L’Espagne est une grande puissance du chômage. Son armée de 5.273.600 chômeurs, chiffre record historique révélé vendredi par l’Institut national de la statistique, est de loin la plus imposante de l’Union européenne (UE), tant en nombre absolu qu’en pourcentage de la population active (22,85%). Mobiliser cette mégaforce latente assombrirait en Espagne et peut-être aussi en Europe la joyeuse fête du démantèlement social célébrée en honneur ou sous prétexte de la crise.
Tant au sud qu’au nord des Pyrénées, les syndicats défendent ceux qui ont un boulot, mais non ou moins ceux qui n’en ont pas. La plus formidable armée jamais vue en Espagne, quasi 5,3 millions d’hommes et de femmes, n’a donc ni chef ni stratège. Fin 2012, au terme d’une année entière de nouvelle récession prévue par les Bas-Fonds monétaires internationaux, les chômeurs du royaume ibérique seront sans doute six millions. Ceux qui les rassembleraient pour submerger pacifiquement l’une ou l’autre Bastille s’érigeraient en interlocuteurs redoutés de Madrid et du patronat, voire de l’UE et d’autres cabarets supranationaux.

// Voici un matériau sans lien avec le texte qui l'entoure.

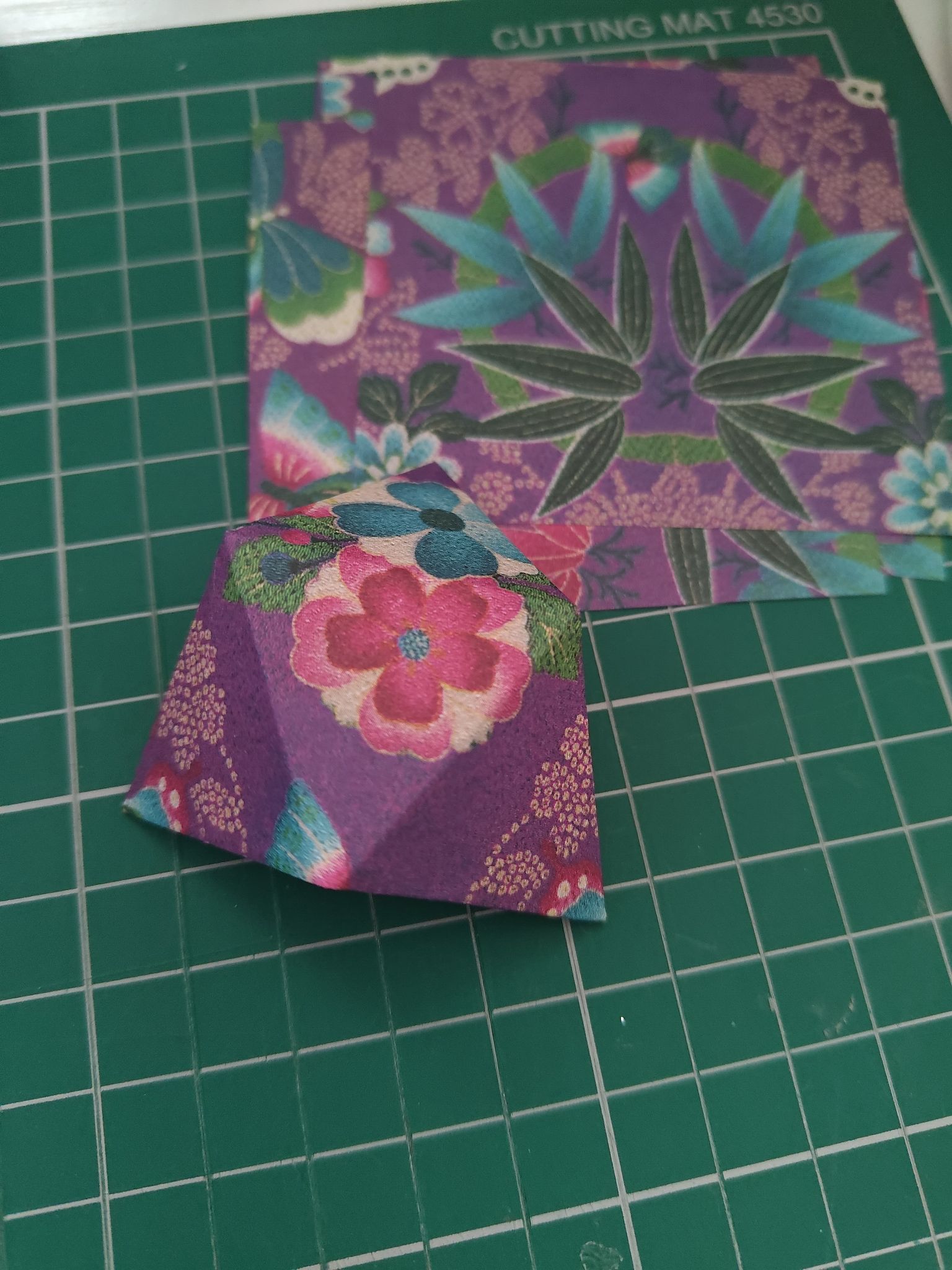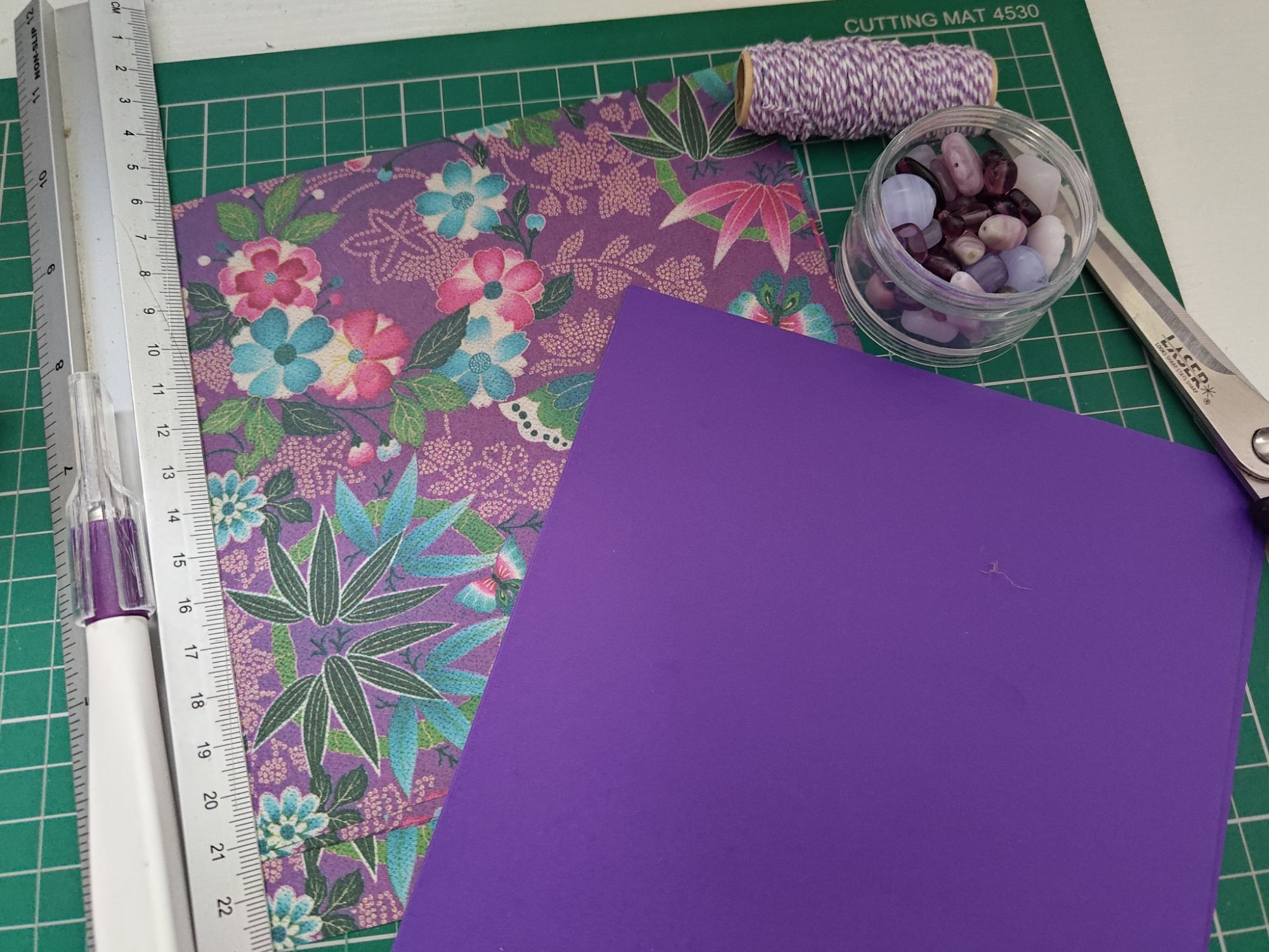 The model uses a mix of solid colours and patterns. I actually had some leftover dual-side purple paper, so I picked out a matching pattern to go with it. The solid colour needs to be 15cm, and the patterns need to be smaller, which I usually cut down to size using a craft knife and cutting mat.

Chimère ? Peut-être, mais comme Spartacus et les esclaves, comme Nicolas Sarkozy après la prochaine présidentielle, des légions d’Espagnols n’ont déjà que peu ou plus rien à perdre. Dans leur pays, le nombre de foyers dont tous les membres sont au chômage atteint 1,575 million. Pour impossibilité de paiement de loyer ou d’hypothèque, plus de 300.000 familles ont été délogées ces trois dernières années et 1,5 million d’ordres d’expulsion sont en attente d’exécution. Parmi les jeunes de moins de 25 ans, le taux de chômage explose à près de 50%. Et sur les 5,3 millions de sans-emploi, au moins 1,5 million ne sont pas indemnisés. Plus d’un million d’autres ne perçoivent qu’une obole temporaire de survie de 450 euros mensuels.
La Banque d’Espagne, l’Union européenne, le FMI, la walkyrie Angela Merkel et les agences de notation financière pressent l’Espagne de réformer son marché du travail, jugé trop rigide, afin de freiner le chômage galopant. En clair, il faudrait faciliter davantage les licenciements et réduire à nouveau les salaires pour favoriser l’embauche. Le tout sur fond de hausses d’impôts et de rigueur budgétaire qui dépriment davantage l’économie et débouchent en conséquence, dans un parfait cercle vicieux, sur un nouvel alourdissement de la fiscalité et de l’austérité.
"C’est comme soumettre un malade anémique à une cure d’amaigrissement" note le socialiste Alfredo Perez Rubalcaba. Il appuya pourtant la même politique lorsqu’il était vice-président du gouvernement de José Luis Rodriguez Zapatero.
Comme M. Zapatero, son successeur conservateur Mariano Rajoy, vainqueur à la majorité absolue des législatives du 20 novembre dernier, vide les poches de la classe moyenne sans exposer jusqu’à présent la moindre mesure de relance. De quoi donner raison au Mouvement des Indignés, qui accuse tant les socialistes que le Parti Populaire (PP) de M. Rajoy de considérer les Espagnols comme "des marchandises aux mains de politiciens et de banquiers".
Quoique suivi du triomphe électoral du PP, un sondage estimait en octobre dernier à 73% la proportion d’Espagnols soutenant les idées des Indignés. Les plus éclairés d’entre eux, dont plusieurs professeurs d’université, tenteront-ils de mener pacifiquement, par la résistance et la désobéissance civiles, l’irrésistible armée des chômeurs contre les bastilles des ogres Picsou ?
Peut-être est-ce rêver, mais après tout, en Espagne et dans le reste de l’Europe, ni Angela ni Nicolas et moins encore Mariano n’ont réussi jusqu’à présent à nous faire croire, même en allumant des cierges à l’euro, que le père Noël n’existe plus.